For cosplay fabric matching: the most reliable approach is to take the HEX code to a professional print shop and ask for a Pantone match. Mickey's shorts red (#CC2C2F) is closest to Pantone 1797 C. Elsa's dress blue (#82B8D6) is closest to Pantone 284 C. Snow White's bodice (#0D72AD) maps to approximately Pantone 7686 C.

FAQ

Disney character color codes — frequently asked questions

What is Elsa's dress color code in HEX?

Elsa's ice blue dress Disney character color code is #82B8D6 in HEX — H:201°, S:39%, B:84% in HSB, RGB(130, 184, 214). The defining characteristic is the low 39% saturation, which gives the dress its ethereal, icy quality rather than a vivid blue. Most people remember it as more saturated than it actually is.

What is Mickey Mouse's red color code?

Mickey Mouse's shorts Disney character color code is #CC2C2F — H:359°, S:78%, B:80%. It's a slightly warm, slightly desaturated red — not the pure #FF0000 that memory suggests. This specific red has been maintained in Disney productions since the 1930s and is one of the most recognized colors in entertainment.

Why is Cinderella's dress such a pale blue?

Cinderella's ballgown Disney character color code sits at S:18%, B:91% — a near-white, very lightly tinted blue. This was a deliberate design choice: the low saturation reads as delicate and ethereal, distinguishing her from other Disney characters with more vivid blue palettes. In ToonTone, the Cinderella round consistently produces the largest saturation errors — players almost always guess a much more vivid blue than the actual production value.

Are these Disney character color codes official?

The Disney character color codes listed here represent carefully observed values from official Disney source material — high-quality frames, official merchandise, and production reference imagery. ToonTone is an independent fan project and is not affiliated with The Walt Disney Company. The values are provided for fan art, cosplay, and educational use.

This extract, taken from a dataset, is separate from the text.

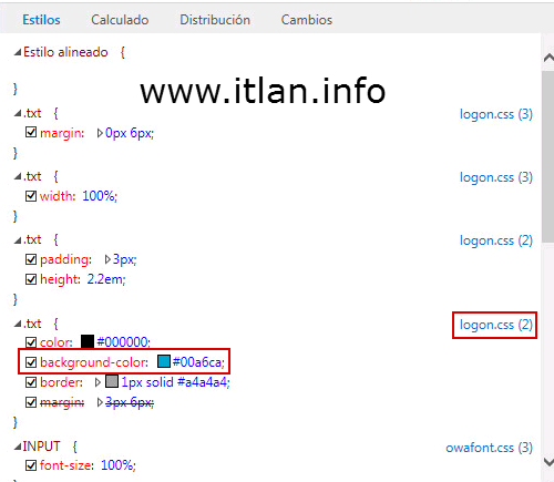 Para cambiar el color de los cuadros de introducción de datos mdoficaremos el fichero logon.css sustituyendo el código fff3c0 (amarillo) x 00a6ca (azul claro) observar la línea (2) del código ; background-color:# [código color hexadecimal].
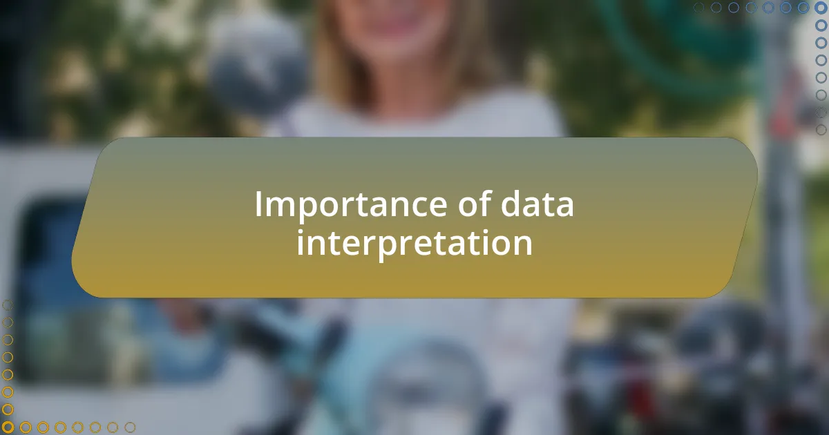 Data interpretation stands at the heart of Intelligent Transportation Systems, as it transforms raw numbers into actionable insights. I vividly recall a team meeting where we analyzed data from traffic cameras. We discovered patterns that revealed when and where accidents occurred most frequently, driving home the point that understanding this data could save lives.

Can I use Disney character color codes for fan art?

The color values themselves — HEX, HSB, and RGB numbers — are free to reference for personal fan art, cosplay, and non-commercial creative projects. Using them doesn't grant any rights to Disney's intellectual property, characters, or imagery. Check Disney's fan art guidelines for details on what's permitted in fan-created content featuring Disney characters.

Which Disney character is hardest in ToonTone?

Cinderella consistently produces the lowest scores, because the actual dress color is far less saturated than memory suggests. Snow White's bodice is also surprisingly tricky — it reads as "blue" in memory, but the exact hue angle (202°, between blue and teal) and deep brightness (68%) are hard to nail. Elsa's dress is a common high-confidence/low-score round because players overshoot saturation significantly.

How do Disney character color codes compare across different eras of animation?

Disney character color codes have remained remarkably consistent since the studio established its production color bibles in the early CG era. Mickey's red shorts (#CC2800), Goofy's orange turtleneck (#CC6600), and Snow White's blue skirt (#1B3A8C) have held through decades of merchandise, theme parks, and digital releases. The biggest shift happens in 3D CGI films like Frozen, where Elsa's dress blue (#4A90D9) appears with higher brightness values than 2D-era equivalents — a deliberate choice to read well under CGI lighting. When referencing Disney character color codes across eras, always specify which medium (2D, CGI, or merchandise) you're targeting.